Search code examples
c#regexregex-lookaroundsregex-greedyboost-regex

Find specific word in reg ex along with special character


string emailBody = " holla holla testing is for NewFinancial History:\"xyz\"  dsd  NewFinancial History:\"abc\"  NewEBTDI$:\"abc\"  dsds  ";

   emailBody = string.Join(" ", Regex.Split(emailBody.Trim(), @"(?:\r\n|\n|\r)"));
                var keys = Regex.Matches(emailBody, @"\bNew\B(.+?):", RegexOptions.Singleline).OfType<Match>().Select(m => m.Groups[0].Value.Replace(":", "")).Distinct().ToArray();
                foreach (string key in keys)
                {
                    List<string> valueList = new List<string>();
                    string regex = "" + key + ":" + "\"(?<" + GetCleanKey(key) + ">[^\"]*)\"";

                    var matches = Regex.Matches(emailBody, regex, RegexOptions.Singleline);
                    foreach (Match match in matches)
                    {
                        if (match.Success)
                        {
                            string value = match.Groups[GetCleanKey(key)].Value;
                            if (!valueList.Contains(value.Trim()))
                            {
                                valueList.Add(value.Trim());
                            }
                        }
                    }

 public string GetCleanKey(string key)
        {
            return key.Replace(" ", "").Replace("-", "").Replace("#", "").Replace("$", "").Replace("*", "").Replace("!", "").Replace("@", "")
                .Replace("%", "").Replace("^", "").Replace("&", "").Replace("(", "").Replace(")", "").Replace("[", "").Replace("]", "").Replace("?", "")
                .Replace("<", "").Replace(">", "").Replace("'", "").Replace(";", "").Replace("/", "").Replace("\"", "").Replace("+", "").Replace("~", "").Replace("`", "")
                .Replace("{", "").Replace("}", "").Replace("+", "").Replace("|", "");
        }

In my above code I am trying to get the value next to NewEBTDI$: which is "abc".

When I include $ sign in the pattern, it doesn't search the value next to field name.

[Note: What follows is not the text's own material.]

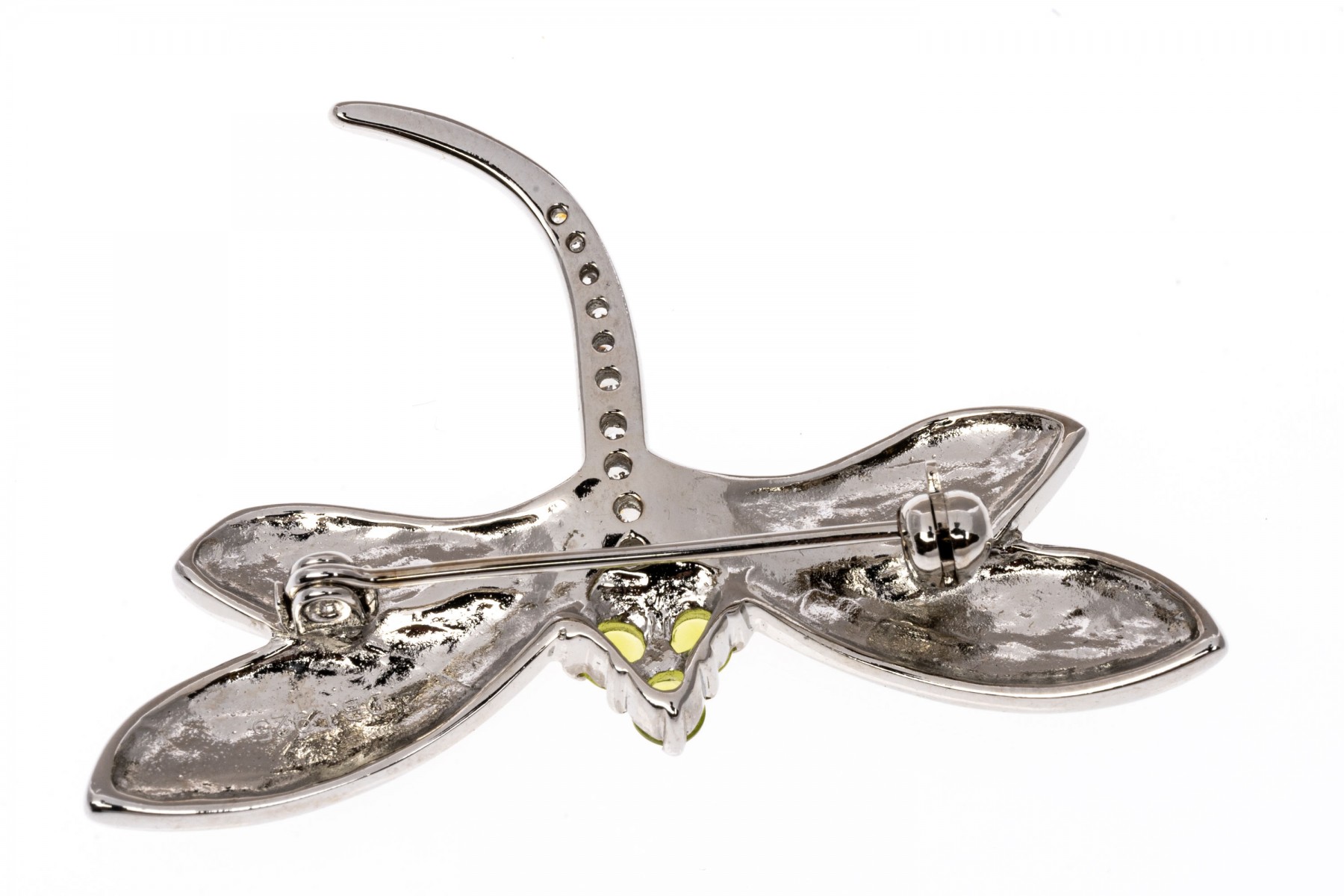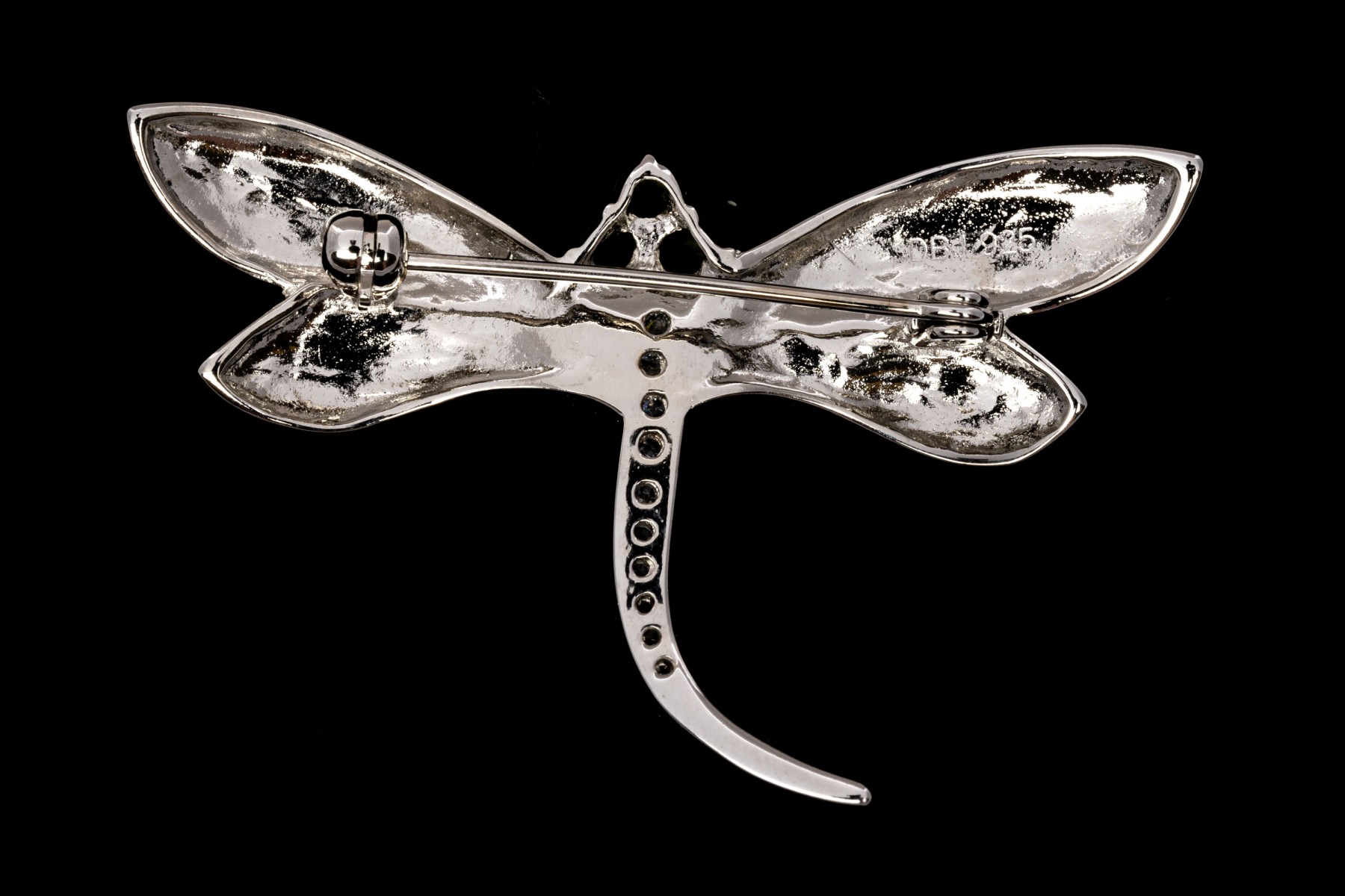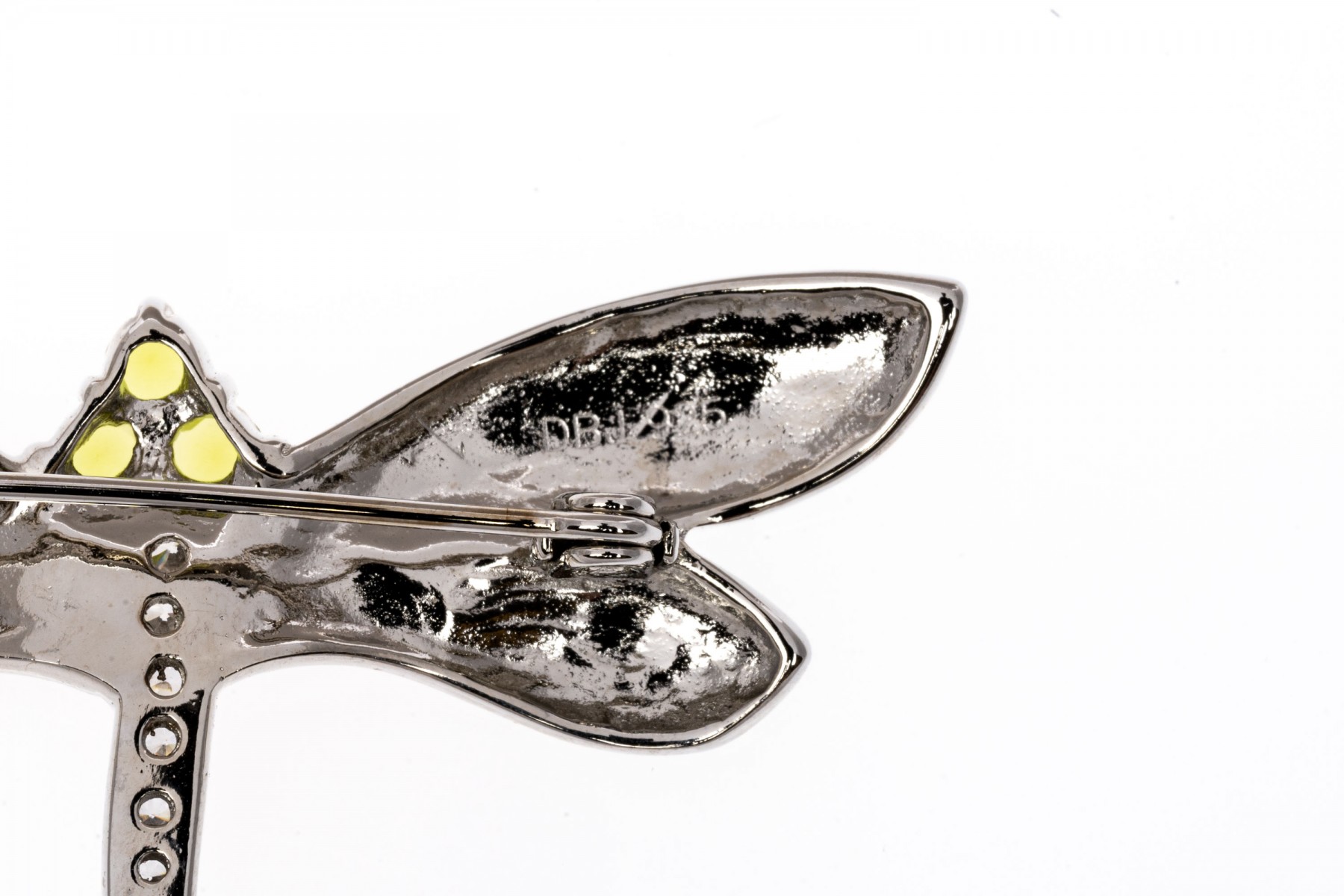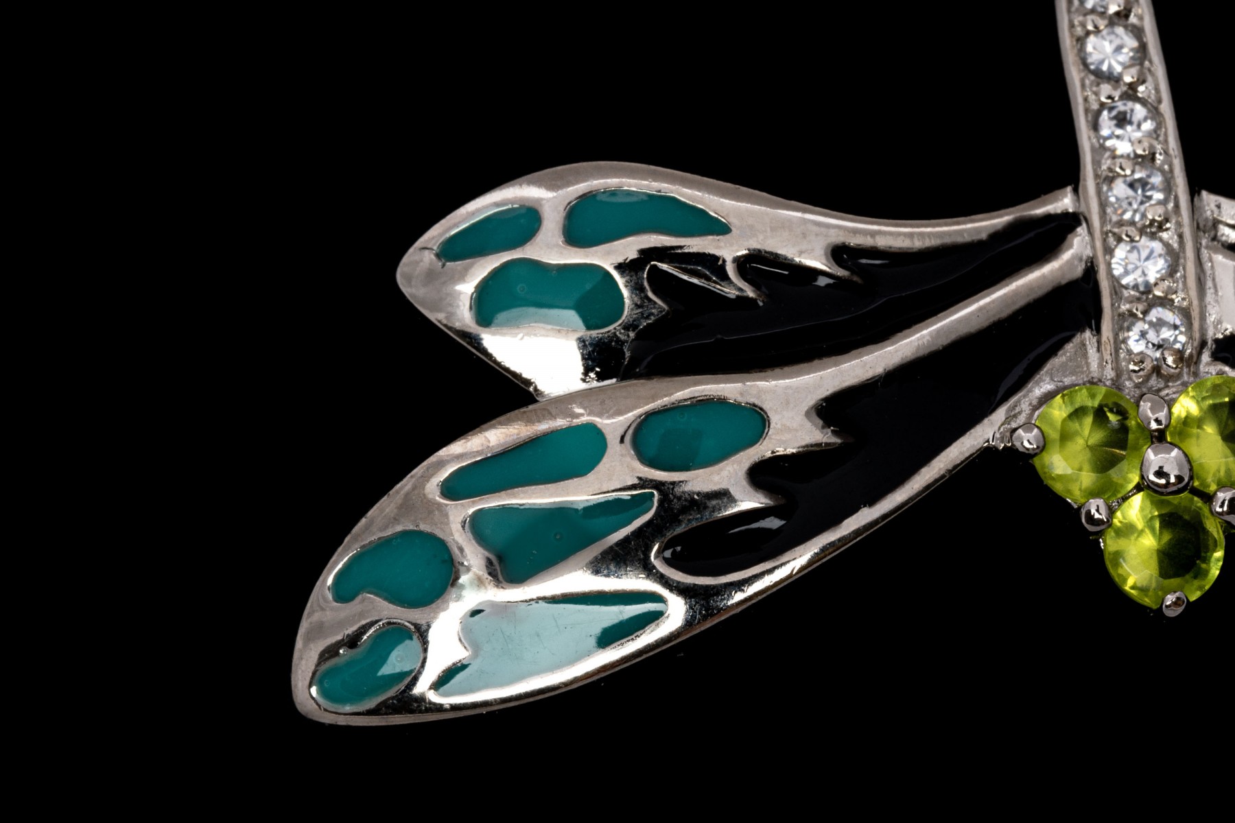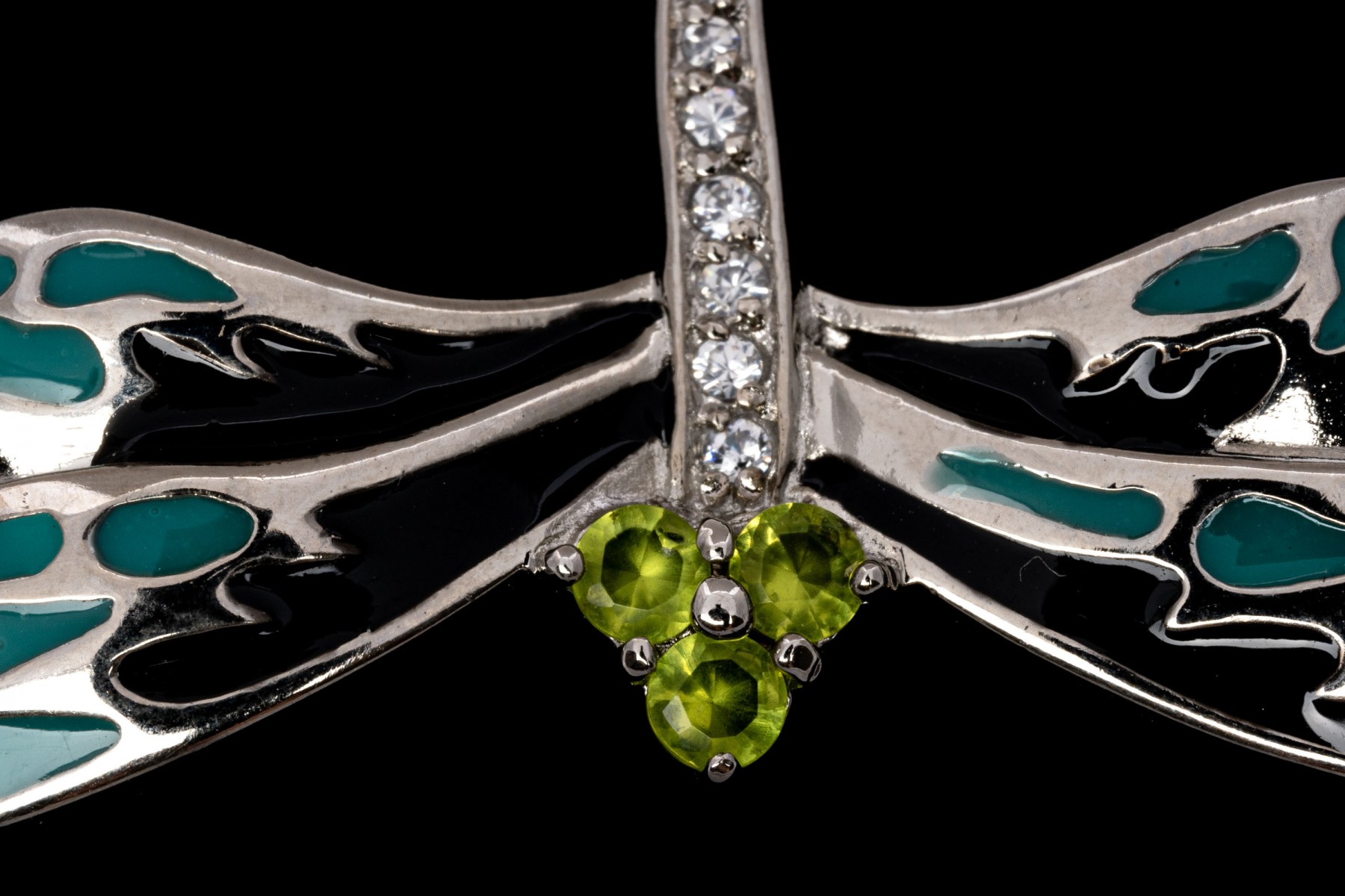 Sterling silver pin. This whimsical pin is a figural dragonfly, set with black and teal colored enamel wings, a round brilliant cut, prong set, cz body, and a clustered round faceted, chartreuse green stone head.

If the $ is removed and one just specifies NewEBTDI then it searches the values.

I want to search the value along with the $ sign.


Solution

  • The right way of handling characters that have a special meaning in regex, but must be searched as is, is to escape them. You can do this with Regex.Escape. In your case it is the $ sign, which means end of line in regex, if not escaped.

    string regex = "" + Regex.Escape(key) + ":" + "\"(?<" + Regex.Escape(GetCleanKey(key))
                   + ">[^\"]*)\"";
    

    or

    string regex = String.Format("{0}:\"(?<{1}>[^\"]*)\"",
                                 Regex.Escape(key),
                                 Regex.Escape(GetCleanKey(key)));
    

    or with VS 2015, using string interpolation:

    string regex = $"{Regex.Escape(key)}:\"(?<{Regex.Escape(GetCleanKey(key))}>[^\"]*)\"";
    

    (It does look better than that in reality, because the C# editor colors the string parts and the embedded C# expressions differently.)